◆ AVAILABLE RECORDS ◆
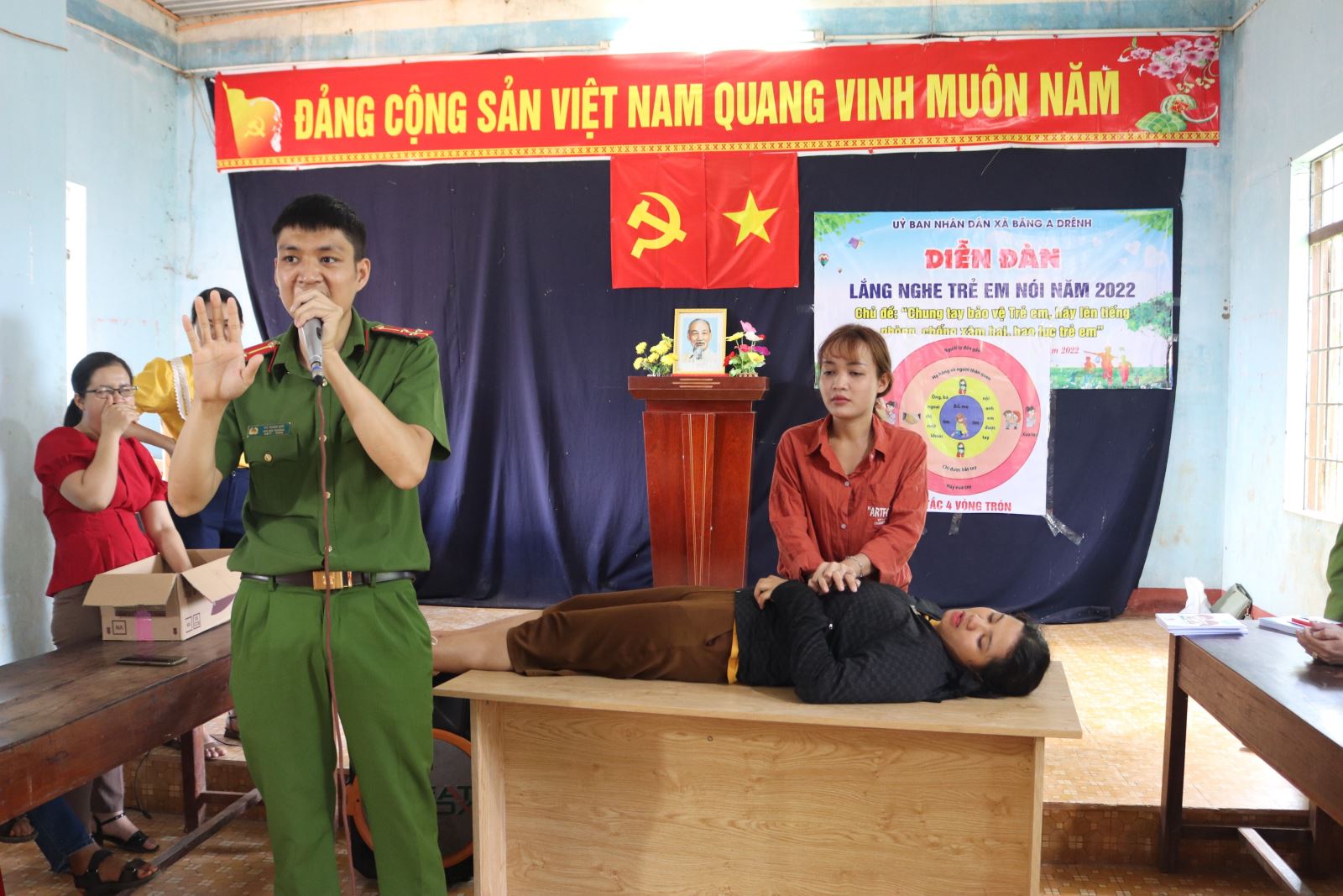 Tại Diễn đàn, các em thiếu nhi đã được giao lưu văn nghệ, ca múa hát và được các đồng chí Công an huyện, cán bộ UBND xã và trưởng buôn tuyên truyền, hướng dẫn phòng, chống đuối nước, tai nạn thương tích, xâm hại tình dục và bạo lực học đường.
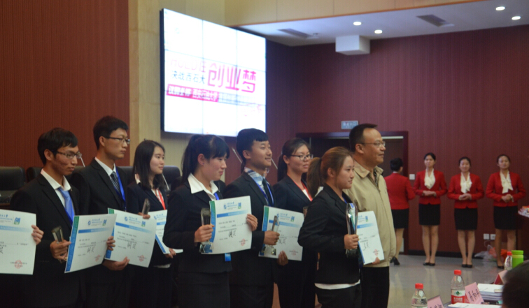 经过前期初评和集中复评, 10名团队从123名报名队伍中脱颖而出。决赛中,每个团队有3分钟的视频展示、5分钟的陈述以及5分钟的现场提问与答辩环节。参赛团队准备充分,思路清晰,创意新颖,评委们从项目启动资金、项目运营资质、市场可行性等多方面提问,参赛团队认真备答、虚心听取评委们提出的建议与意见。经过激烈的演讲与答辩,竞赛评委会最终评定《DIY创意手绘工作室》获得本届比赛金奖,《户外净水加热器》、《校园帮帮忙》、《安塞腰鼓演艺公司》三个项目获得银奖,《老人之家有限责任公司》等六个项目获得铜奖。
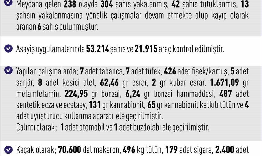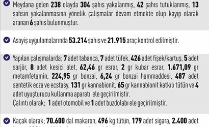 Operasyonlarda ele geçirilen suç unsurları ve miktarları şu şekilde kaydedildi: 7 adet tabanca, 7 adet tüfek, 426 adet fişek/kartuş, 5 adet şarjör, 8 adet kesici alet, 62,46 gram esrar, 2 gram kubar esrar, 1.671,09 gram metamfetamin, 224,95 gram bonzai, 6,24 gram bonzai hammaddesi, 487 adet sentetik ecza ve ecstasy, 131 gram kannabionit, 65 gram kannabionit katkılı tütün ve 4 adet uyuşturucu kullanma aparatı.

---

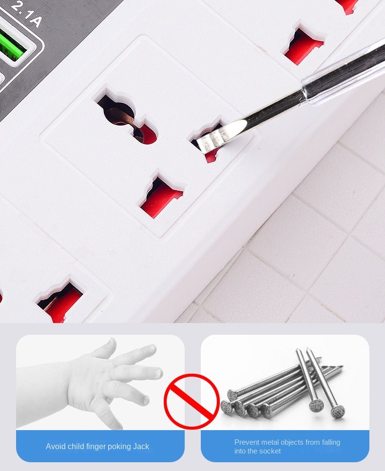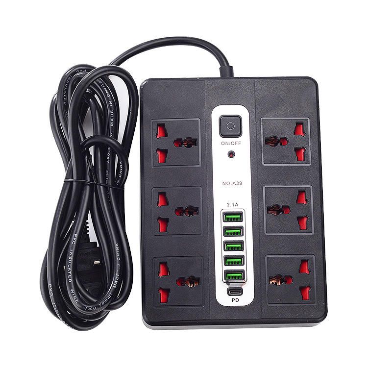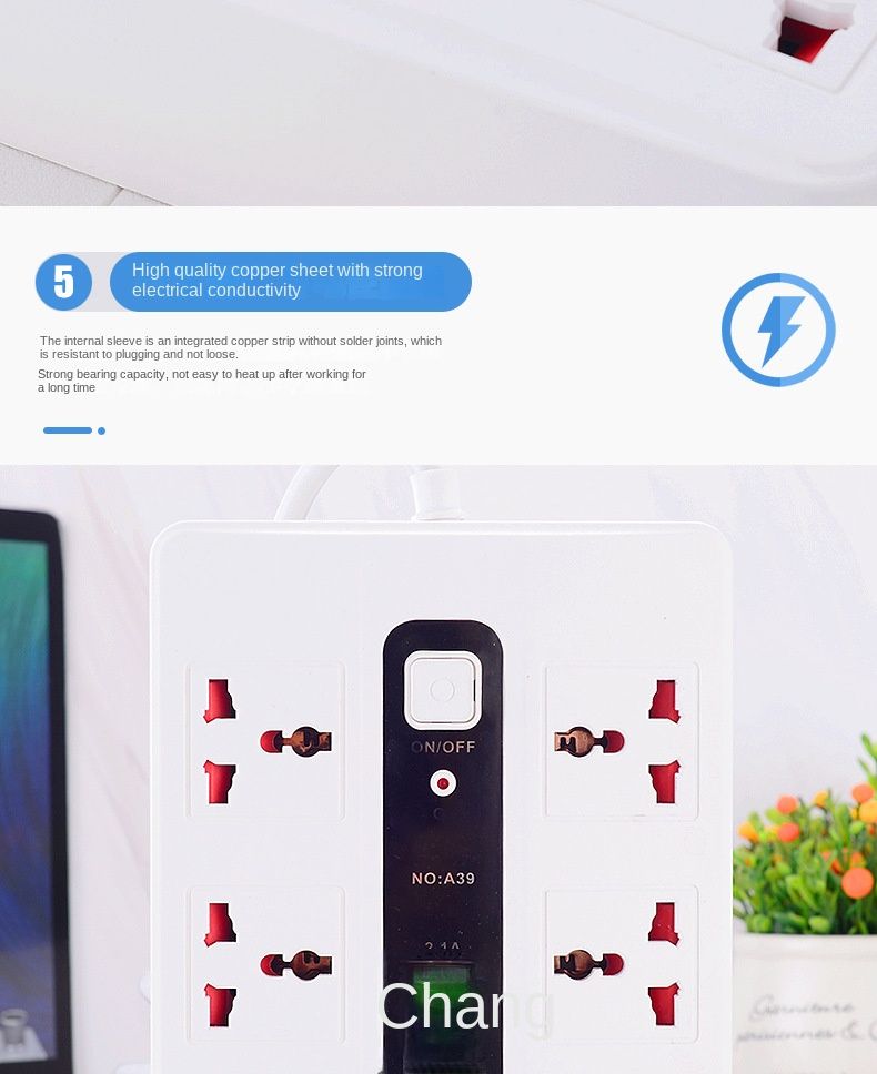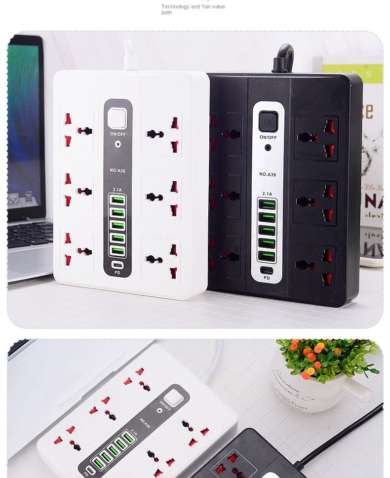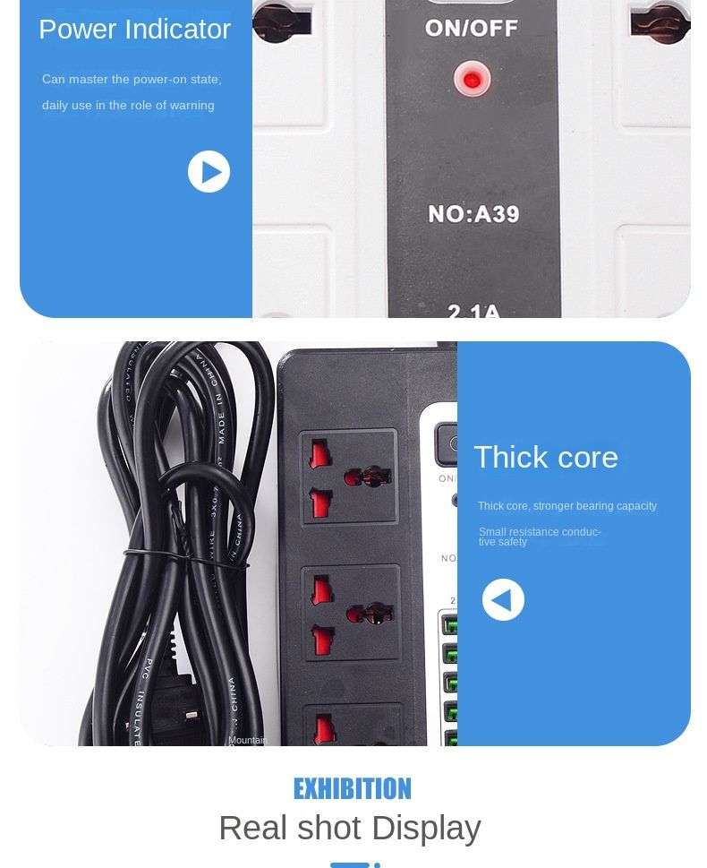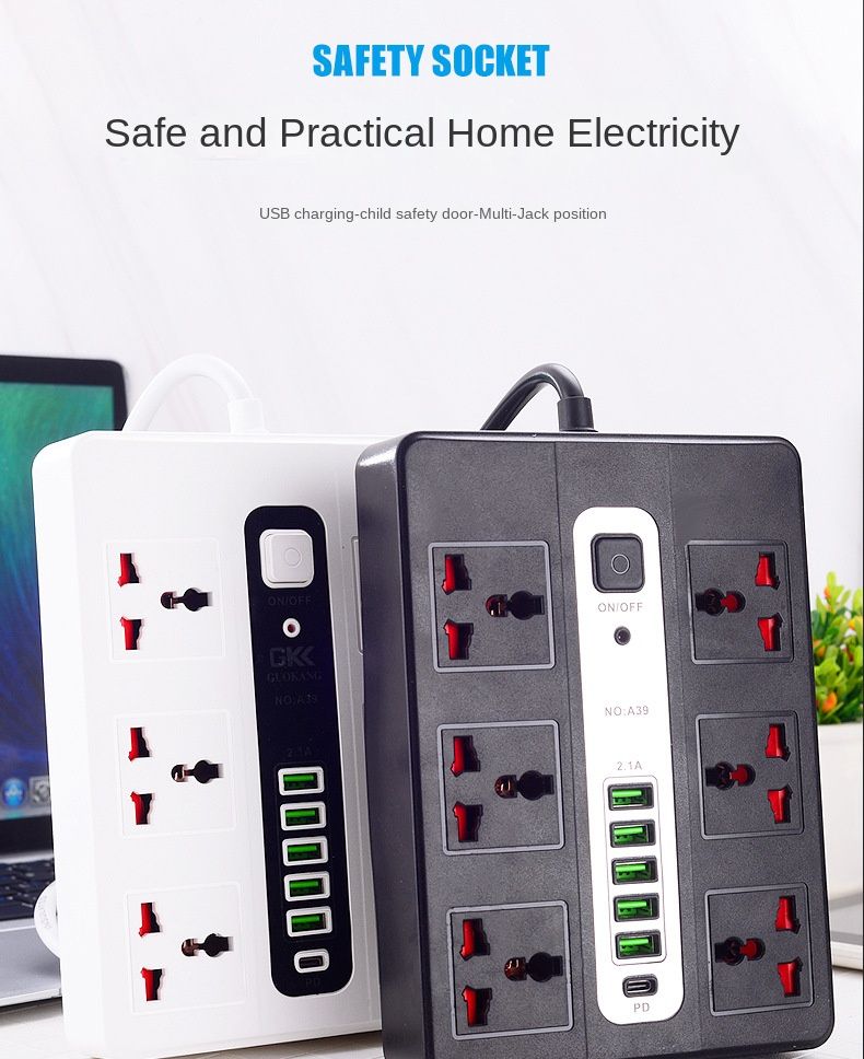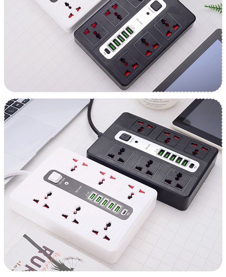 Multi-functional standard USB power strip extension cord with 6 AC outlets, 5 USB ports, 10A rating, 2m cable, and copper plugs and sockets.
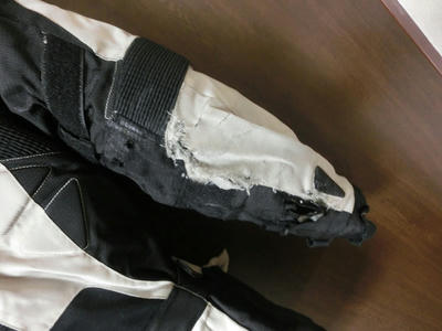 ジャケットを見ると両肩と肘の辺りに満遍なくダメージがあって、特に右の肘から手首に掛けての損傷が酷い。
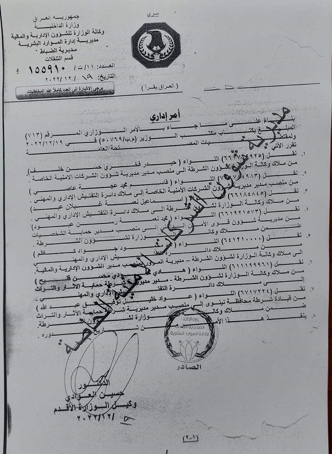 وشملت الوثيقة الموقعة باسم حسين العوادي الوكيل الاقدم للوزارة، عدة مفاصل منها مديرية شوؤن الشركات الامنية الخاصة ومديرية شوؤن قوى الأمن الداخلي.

* * *

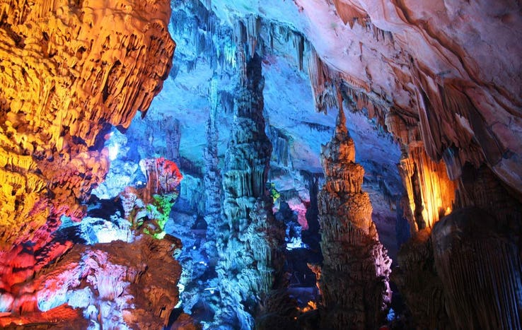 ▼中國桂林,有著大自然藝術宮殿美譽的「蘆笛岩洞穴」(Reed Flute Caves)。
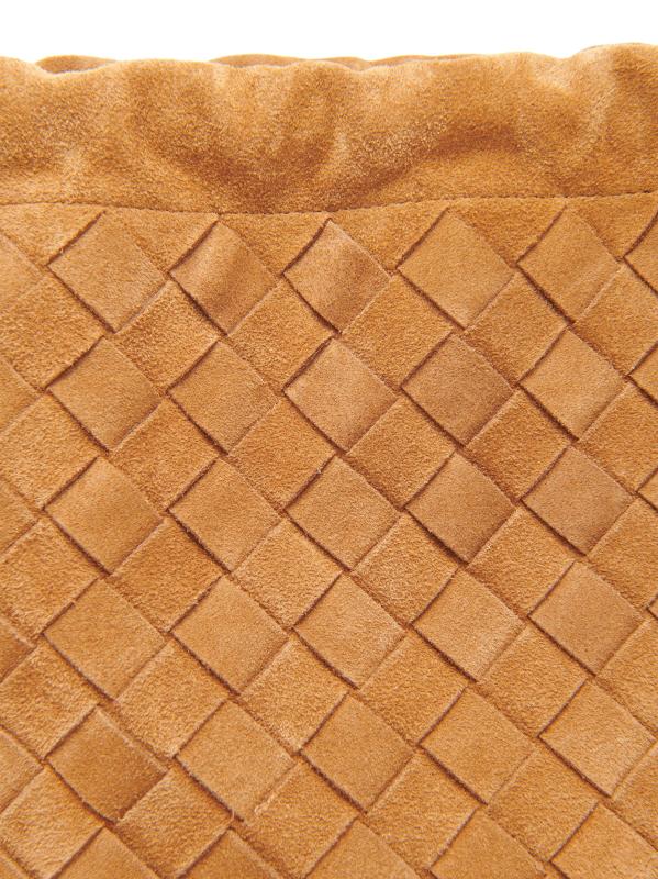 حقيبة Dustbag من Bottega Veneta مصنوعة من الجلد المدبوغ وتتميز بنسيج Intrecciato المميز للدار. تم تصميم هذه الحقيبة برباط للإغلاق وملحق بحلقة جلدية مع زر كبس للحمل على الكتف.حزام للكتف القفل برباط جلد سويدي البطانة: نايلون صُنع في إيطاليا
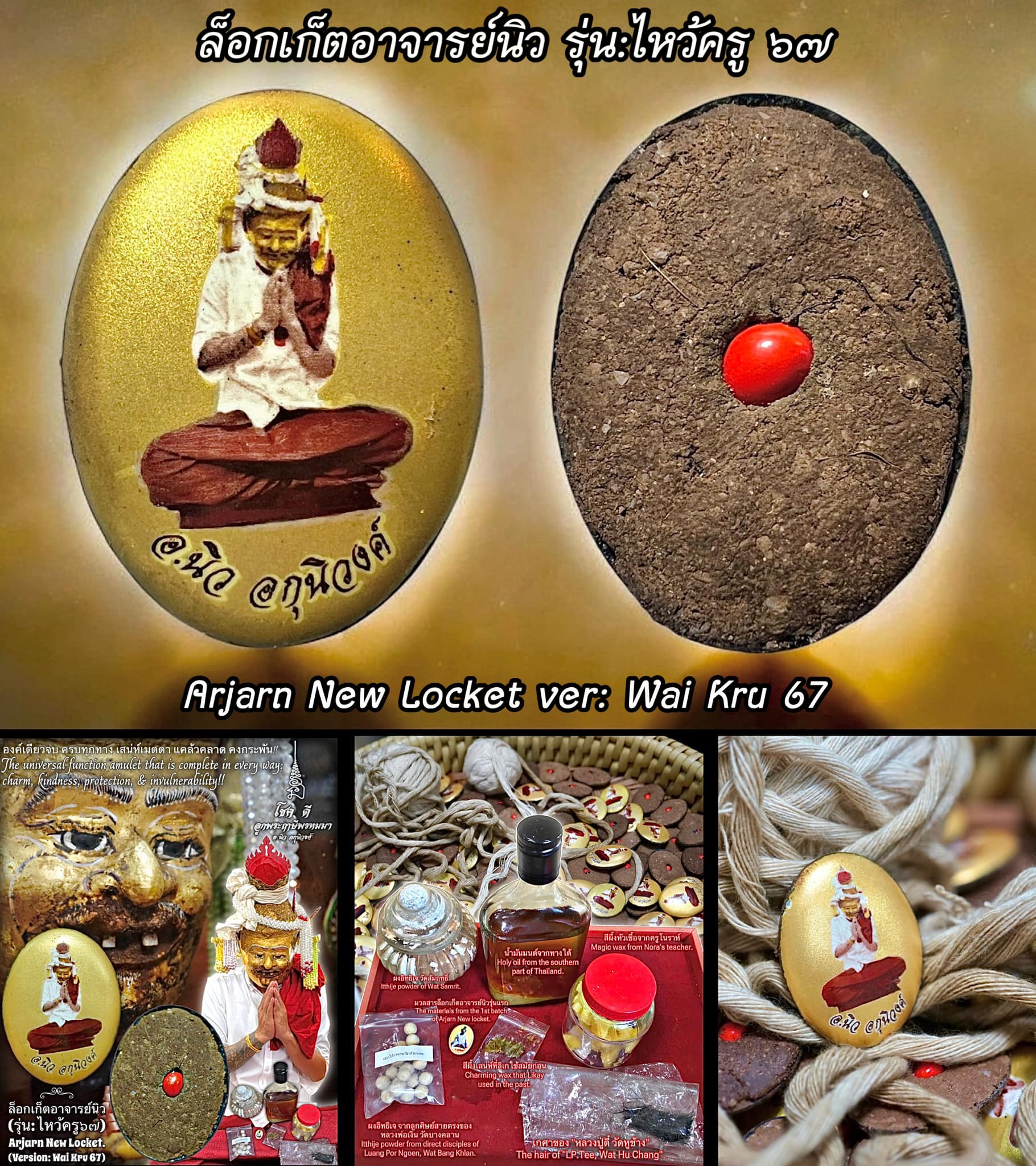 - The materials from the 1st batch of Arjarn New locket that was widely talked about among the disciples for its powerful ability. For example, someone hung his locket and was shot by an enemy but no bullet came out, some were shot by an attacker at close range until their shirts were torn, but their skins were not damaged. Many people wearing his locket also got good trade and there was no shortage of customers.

◆ WHAT THE TASK REQUIRES ◆
An exact copy is needed of the entries above, starting at the line that holds "حقيبة Dustbag من" and stopping at the line that holds "- The materials", both kept; pictures stay out.

◆ REPLY TO THE TASK ◆
 حقيبة Dustbag من Bottega Veneta مصنوعة من الجلد المدبوغ وتتميز بنسيج Intrecciato المميز للدار. تم تصميم هذه الحقيبة برباط للإغلاق وملحق بحلقة جلدية مع زر كبس للحمل على الكتف.حزام للكتف القفل برباط جلد سويدي البطانة: نايلون صُنع في إيطاليا
 - The materials from the 1st batch of Arjarn New locket that was widely talked about among the disciples for its powerful ability. For example, someone hung his locket and was shot by an enemy but no bullet came out, some were shot by an attacker at close range until their shirts were torn, but their skins were not damaged. Many people wearing his locket also got good trade and there was no shortage of customers.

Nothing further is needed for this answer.